Calculate the average after sampling


#1

I’m trying to calculate some statistics after sampling a subset of dataset. However, I observed my query processing is very slow.

For example, if I need to calculate the average of a data subset which is sampled from a dataset ‘input’ with the probability of 0.2, I use the following AFl statements:

avg(store(sample(input, 0.2), temp));

or

aggregate(store(sample(input, 0.2), temp), avg(val));

I know that I used the store function to store the sampled data in a temporary array, and I guess that one reason of poor performance may be such a temporary store. Is there any statement that can avoid such a ‘store’ process?


#2

You’ve got a couple of things going on here.

  1. There’s no need to store(…) the result of your sampling. SciDB supports a query language that allows you to compose operators. So you can pipe the results of the sample(…) (or the bernoulli(…), which is a better operator for this job) directly into the aggregate (… ).

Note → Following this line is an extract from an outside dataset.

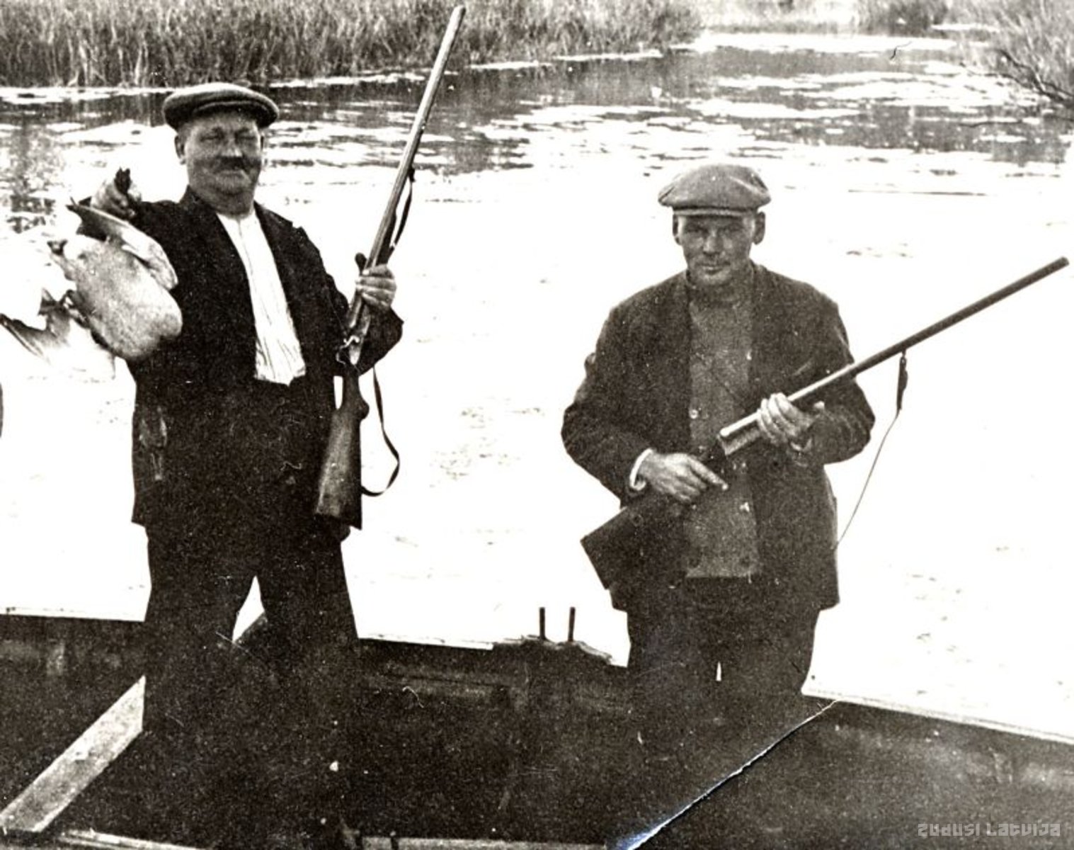 No kreisās - Kārlis Epiņš Biržu dzirnavu-kokzāģētavas īpašnieks un Kāris Bite veikala īpašnieks Biržos. Medības dzirnavu ezerā

  2. Looking at your sample rate a minute, you’re sampling 20% of the input data. Chances are, that’s going to touch every chunk in the input array, which won’t really reduce the I/O by all that much. I’d also note that the ‘sample(…)’ routine samples “chunks”, not cells. For a bernoulli random sample, use bernoulli(…). It’s a better sampler.

Anyway - try this:

aggregate ( input, count(*) as cnt )

The query above will give you the total size of the data, and usually very quickly, because under the covers we don’t consult the data itself but instead only the bitmasks we maintain. Now - suppose you want a sample size of 4,000 (a good rule of thumb). So you want a sample rate of 4,000 / P (where P is the population, the result of the query above). Call this value, ‘p’, say, 0.0001.

Plug your sample rate into the following query:

aggregate ( bernoulli ( input, 0.0001 ), avg ( val ) AS Avg_Val, count(*) as Sample_Size )

Depending on your chunk size (if you have a really, really big data set, then pull p even lower to reduce the I/O by stepping over entire chunks, although this effect is most useful when chunk count > 1,000 and your data sizes are in the trillions of cells) this should be faster than what you’re doing.


#3

Thanks for your reply. I tried your suggested codes, and the performance looks good to me. Now I know how to control the sample rate. :smiley:

BTW, actually the first piece of code can be replaced by an ‘analyze’ function in AFL, which can provide some basic statistics of the queried dataset.


#4

Regarding analyze(…) …

Need to be a tiny bit careful w/ it. Analyze is intended (as you say) as a tool that provides a basic set of statistical information about the contents of an array, and you certainly can use it to compute the number of cells in the array. BUT … analyze(…) will be much, much slower than the quick aggregate ( …, count(*) …) query, because analyze(…) looks at the contents of all of the attributes in the input array. And analyze(…) is doing a lot more stuff, the most compute intensive of which is an estimate of the number of distinct values in the attribute (very handy to know when you’re planning the chunking for your n-Dimensionsal array).

Oh. And I wouldn’t try analyze ( bernoulli ( input, p ) ). The problem is that the sampling will render the distinct count and range estimates potentially way, way off. . .

Glad this helped! Let us know how you go.